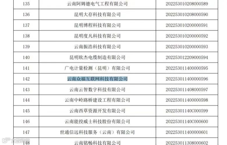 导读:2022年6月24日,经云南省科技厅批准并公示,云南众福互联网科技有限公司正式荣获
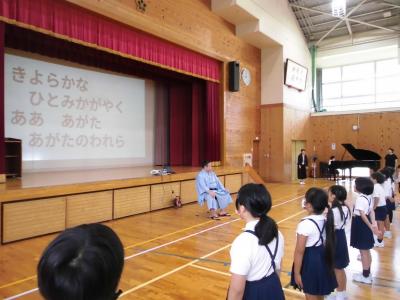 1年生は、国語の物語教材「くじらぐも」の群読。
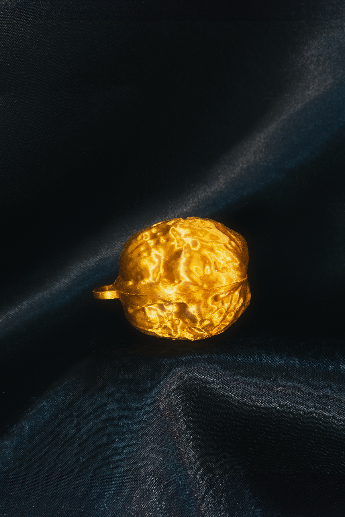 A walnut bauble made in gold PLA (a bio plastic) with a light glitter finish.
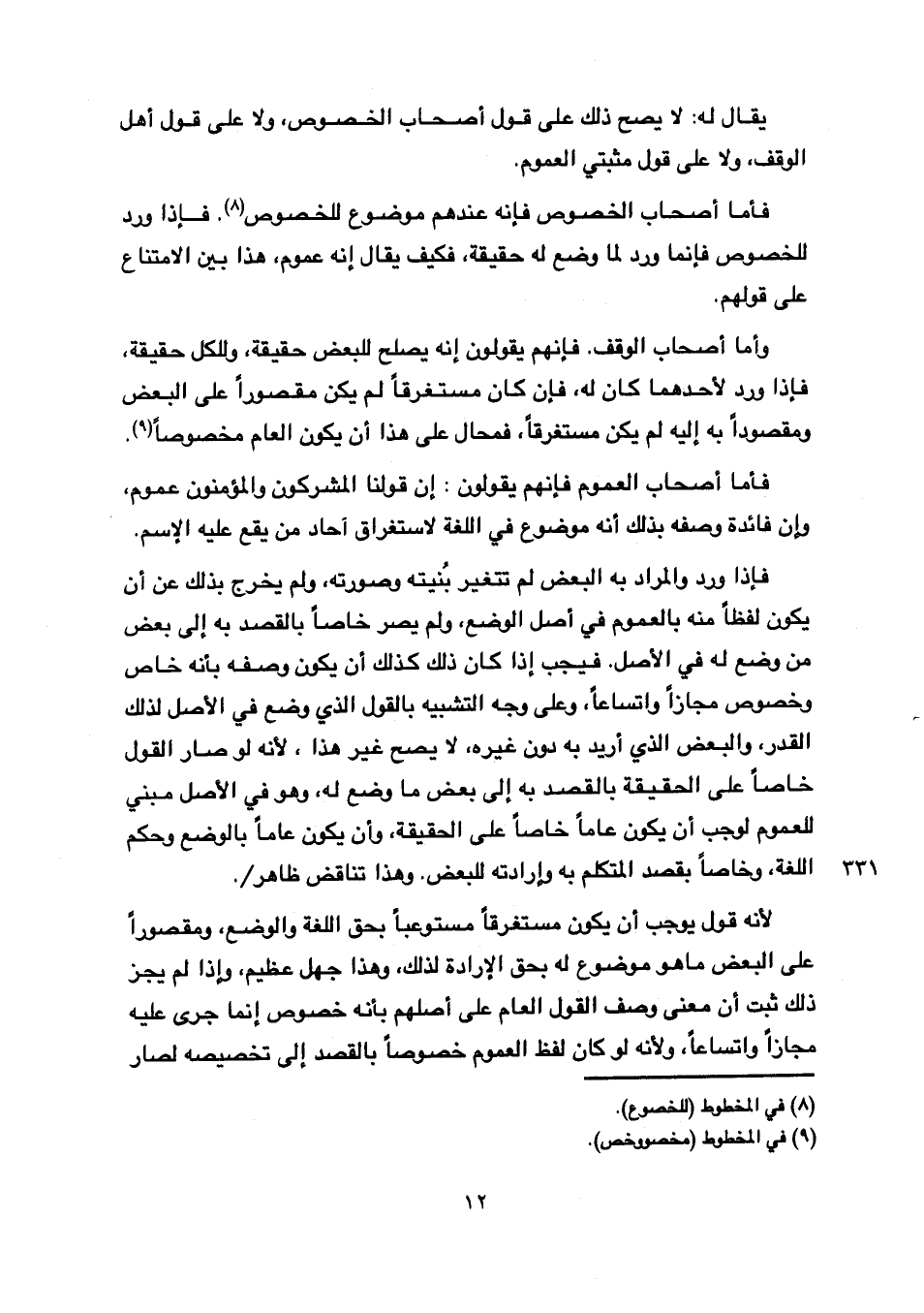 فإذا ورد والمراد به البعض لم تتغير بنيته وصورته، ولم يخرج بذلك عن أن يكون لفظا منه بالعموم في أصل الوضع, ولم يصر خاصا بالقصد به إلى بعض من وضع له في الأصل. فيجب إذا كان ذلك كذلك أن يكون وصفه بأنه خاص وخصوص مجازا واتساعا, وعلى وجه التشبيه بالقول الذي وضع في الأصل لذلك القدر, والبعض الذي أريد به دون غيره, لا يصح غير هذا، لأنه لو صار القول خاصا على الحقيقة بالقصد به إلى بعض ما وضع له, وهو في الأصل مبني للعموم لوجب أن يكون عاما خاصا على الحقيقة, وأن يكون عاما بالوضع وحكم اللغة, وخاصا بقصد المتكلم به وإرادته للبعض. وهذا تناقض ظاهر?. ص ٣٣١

▶ _INSTRUCTIONS TO FOLLOW_
What you produce must match the listing word for word, with no images in it.

▶ _WRITTEN ANSWER_
 导读:2022年6月24日,经云南省科技厅批准并公示,云南众福互联网科技有限公司正式荣获
 1年生は、国語の物語教材「くじらぐも」の群読。
 A walnut bauble made in gold PLA (a bio plastic) with a light glitter finish.
 فإذا ورد والمراد به البعض لم تتغير بنيته وصورته، ولم يخرج بذلك عن أن يكون لفظا منه بالعموم في أصل الوضع, ولم يصر خاصا بالقصد به إلى بعض من وضع له في الأصل. فيجب إذا كان ذلك كذلك أن يكون وصفه بأنه خاص وخصوص مجازا واتساعا, وعلى وجه التشبيه بالقول الذي وضع في الأصل لذلك القدر, والبعض الذي أريد به دون غيره, لا يصح غير هذا، لأنه لو صار القول خاصا على الحقيقة بالقصد به إلى بعض ما وضع له, وهو في الأصل مبني للعموم لوجب أن يكون عاما خاصا على الحقيقة, وأن يكون عاما بالوضع وحكم اللغة, وخاصا بقصد المتكلم به وإرادته للبعض. وهذا تناقض ظاهر?. ص ٣٣١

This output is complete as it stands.